El elefante africano de bosque o elefante de selva africano (Loxodonta cyclotis) no tienen donde esconderse. Incluso las poblaciones de esta especie que viven en las áreas más aisladas en Gabón, en África central, están siendo masacradas por los furtivos, según un estudio científico internacional que publica de la revista Current Biology este mes de febrero, publica lavanguardia.com.

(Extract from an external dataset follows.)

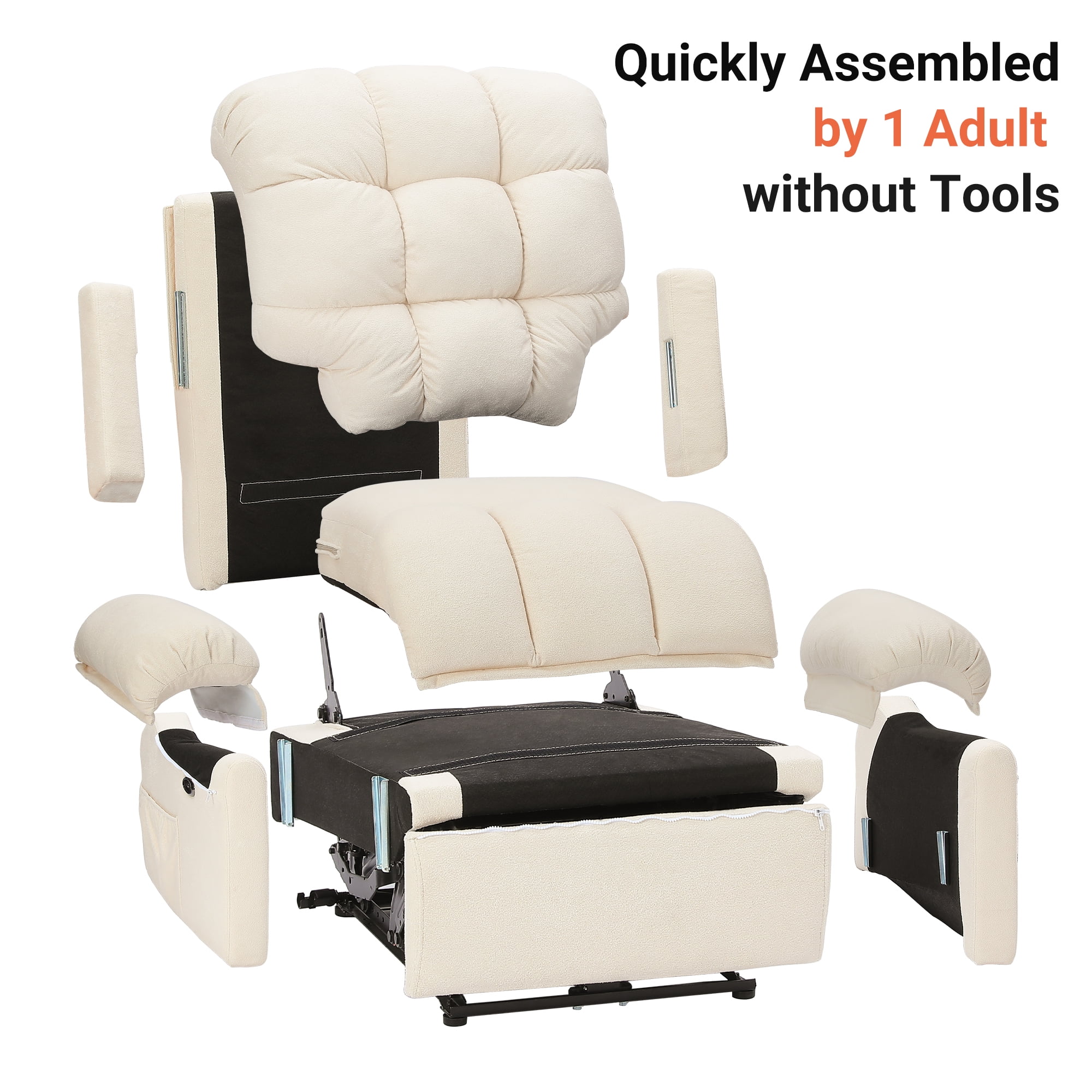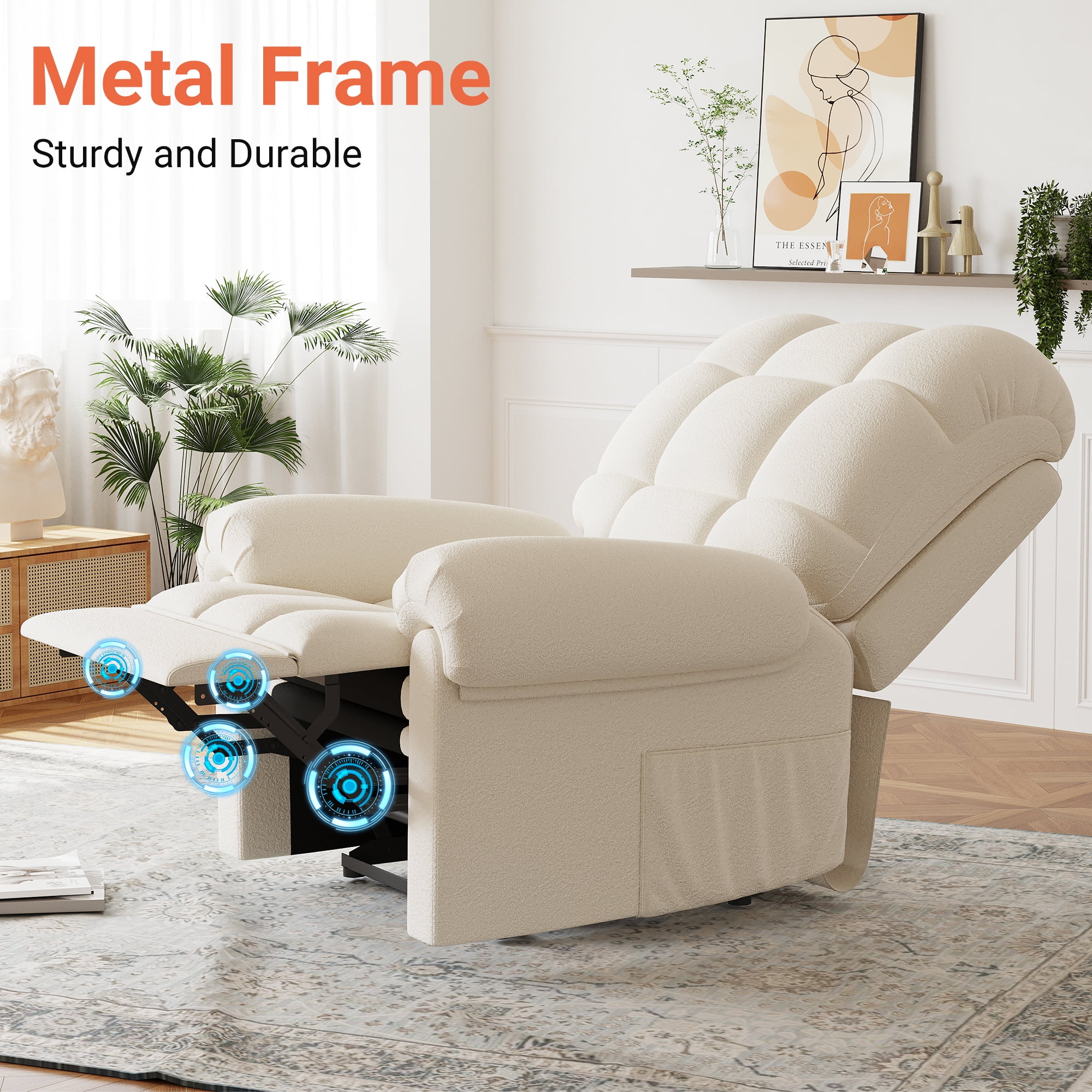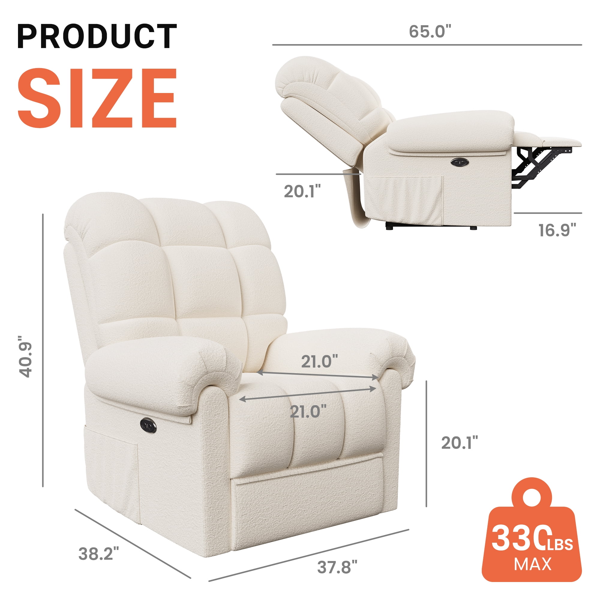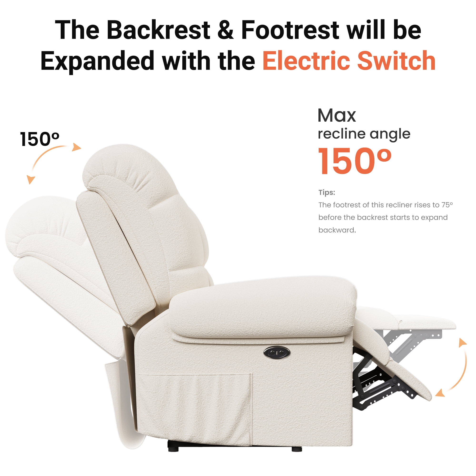 ????[Sitting On a Cloud] Elevate your comfort to cloud nine with our Electric Recliner! Designed for modern relaxation, this Recliner Chair boasts a plush Teddy Fleece material that envelops you in luxury. Experience ultimate relaxation with adjustable 75-150° reclining, ergonomic armrests, and a footrest that make lounging a breeze. Feeling as soft as a cloud with every sit. ????[Tool-Free Setup Enjoy] The tool-free setup ensures hassle-free assembly, while the low noise operation creates a serene ambiance. Enjoy the convenience of our USB Charging Port feature, allowing you to stay connected while unwinding. ????[Experience personalized comfort] The adjustable backrest and cloud back design of our Recliner. The maximum weight capacity of 330 pounds ensures sturdy support for adults. With storage pockets and a modern design, this chair is the perfect blend of functionality and style for your office, bedroom, living room, or nursery. ????[Complement Your Space’s Aesthetic] The Recliner’s cloud style Back and pillow top arms design provide excellent back and arm support, making it ideal for extended lounging sessions. The hard floor surface recommendation ensures seamless placement in any room. Choose from Off-white, Coffee, or Blue Grey color options to complement your space’s aesthetic. ????[Ultimate enjoyment] Invest in quality relaxation with our Recliner’s special features, including armrests and power reclining functionality. Treat yourself to a cozy retreat with this Adjustable Recliner that caters to your relaxation needs. Unwind in style and comfort with the epitome of modern luxury and functionality.

Las estimaciones más recientes indican que entre 2004 y 2014 fueron abatidos 25.000 elefantes del bosque en Gabón, lo que representa el 80% de la población inicial. En toda África central, el número de elefantes de esta especie descendió un 62% entre 2002 y 2013, destacan los autores de este estudio.
Diversos grupos de expertos consideraban que la poblaciones de elefantes de selva africanos podían estar recuperándose de forma natural en las zonas más aisladas del continente africano, donde el acceso de los furtivos es más difícil. Los datos que se presentan ahora desmonta esta hipótesis y sitúa a esta especie en una situación de extrema vulnerabilidad.
“La pérdida de elefantes es más grave de lo que pensábamos”, ha indicado Fiona Maisels, científica de conservación con la Sociedad de Conservación de Vida Silvestre en la ciudad de Nueva York y miembro del equipo que estudio en 2013. Ella no estuvo involucrada con el nuevo trabajo, del cual afirma estar basado en una encuesta “más intensa” dentro de una gran reserva y sus tierras de amortiguación. “Éste es uno de sus últimos baluartes”, agrega George Wittemyer, un conservacionista de elefantes de la Universidad Estatal de Colorado en Fort Collins, que no participó en el estudio. “Sus últimos bastiones se están erosionando ahora”.

Ningún lugar es seguro
”Ya no podemos asumir que las grandes y remotas áreas protegidas conservarán a las especies. Los furtivos se desplazarán a cualquier parte donde puedan obtener ganancias. El furtivismo transfronterizo es una gran amenaza para la protección de especies, y los esfuerzos bilaterales y multilaterales son esenciales para la conservación”, indica John Poulsen, investigador de la Universidad de Duke (EE.UU.) y coautor del estudio.
Los investigadores explican que no se sorprendieron al descubrir que el número de estos elefantes había disminuido. Pero sí se asombraron al ver la rapidez y la gran pérdida sufrida en tan sólo diez años.
El paso más importante para salvar a los elefantes de bosque es reducir la demanda de marfil. “Hay que crear nuevas áreas multinacionales protegidas y coordinar la aplicación de la ley internacional para garantizar el procesamiento de aquellos ciudadanos extranjeros que cometan o fomenten los crímenes sobre la vida silvestre en otros países”, subraya este experto en declaraciones recogidas por la agencia Sinc.
La prohibición anunciada recientemente por China del comercio interno de marfil ayudará si se implementa efectivamente. “La comunidad internacional necesita presionar a todas las naciones restantes que permitan este negocio para que todo el comercio legal se detenga. Necesitamos fondos de conservación y voluntad política para poner fin a la masacre”, enfatiza Poulsen.
Los investigadores también abogan por reconocer a los elefantes de bosque como una especie distinta de los elefantes de la sabana africana. Tal diferenciación está apoyada por evidencias genéticas y morfológicas, y ayudaría a llamar la atención sobre estos elefantes olvidados.
”Los elefantes son ingenieros de los ecosistemas que desempeñan un papel importante en la dispersión de semillas y el ciclo de nutrientes. Tenemos muy poca información sobre cómo va a alterar la composición y estructura de los bosques la ausencia de elefantes en grandes extensiones de África Central y, por lo tanto, de los servicios ecosistémicos que proporcionan los bosques”, apunta.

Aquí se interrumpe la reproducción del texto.